Ginger Shot (1 piece)
Breakfast
108 mg/dL
avg. peak value
Usually causes a small spike
Avg. Food Score on Ultrahuman App
Ultrahuman Users got a STABLE response
How to consume Ginger Shot without glucose spikes
Drink Water Before the Shot
Consuming a glass of water before having the ginger shot can help slow down the absorption of sugars.
Pair with Protein
Combine the ginger shot with a small serving of protein, such as a handful of nuts or a hard-boiled egg, to help stabilize blood sugar levels.
Include Fiber
Eat some fiber-rich foods like chia seeds or a small serving of berries prior to taking the ginger shot. This can help slow the digestion and absorption of carbohydrates.
Opt for Whole Grains
Consuming whole grain crackers or a piece of whole-grain toast with your ginger shot can be beneficial.
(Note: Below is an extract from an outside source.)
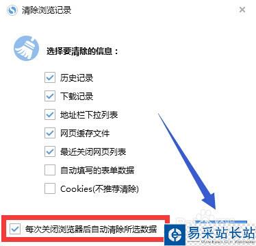 3、在彈出的窗口中,勾選要清除的項目,同時勾選“每次關閉瀏覽器后自動清除所有數據”項,點擊“清除數據”按鈕。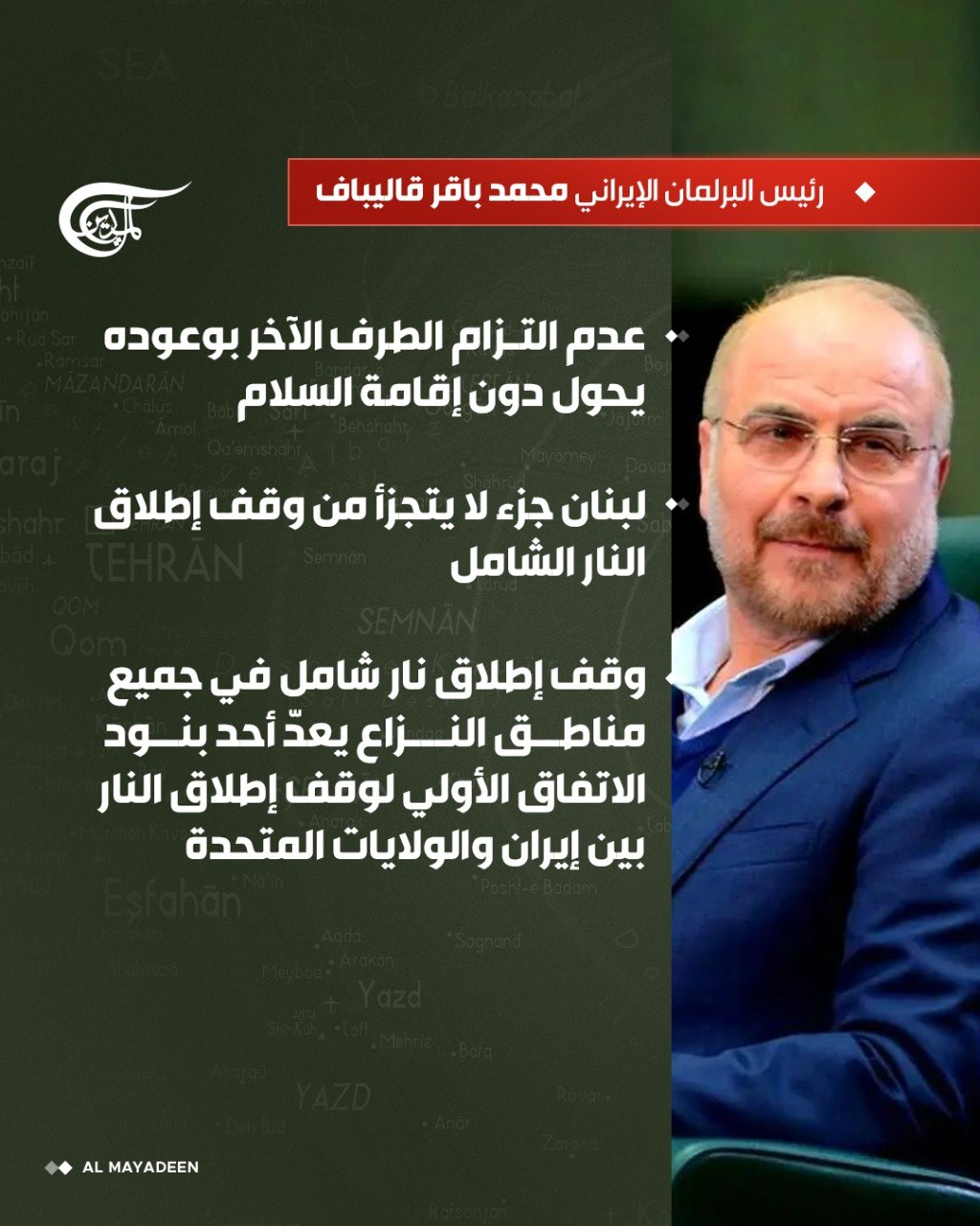 15:15 Cпикер Меджлиса: Тегерану перемирие в Ливане важно настолько же, насколько в Иране

The complex carbohydrates will digest more slowly.
Add Healthy Fats
Incorporate a small amount of healthy fats, like a slice of avocado or a spoonful of peanut butter, to slow down sugar absorption.
Consume with Lemon Water
Drinking a glass of lemon water along with the ginger shot may aid in reducing the rise of glucose levels.
Exercise Post-Consumption
Engage in light physical activity, such as a short walk, after having the ginger shot to help your body utilize glucose more effectively.
Time Your Intake
Consider having the ginger shot after a balanced meal rather than on an empty stomach to mitigate rapid glucose spikes.
Mindful Eating
Practice mindfulness while consuming the ginger shot by savoring it slowly, which can help in moderating glucose levels.
Monitor Your Portions
Consider reducing the portion size of the ginger shot if possible, as smaller amounts might lessen the spike in blood glucose.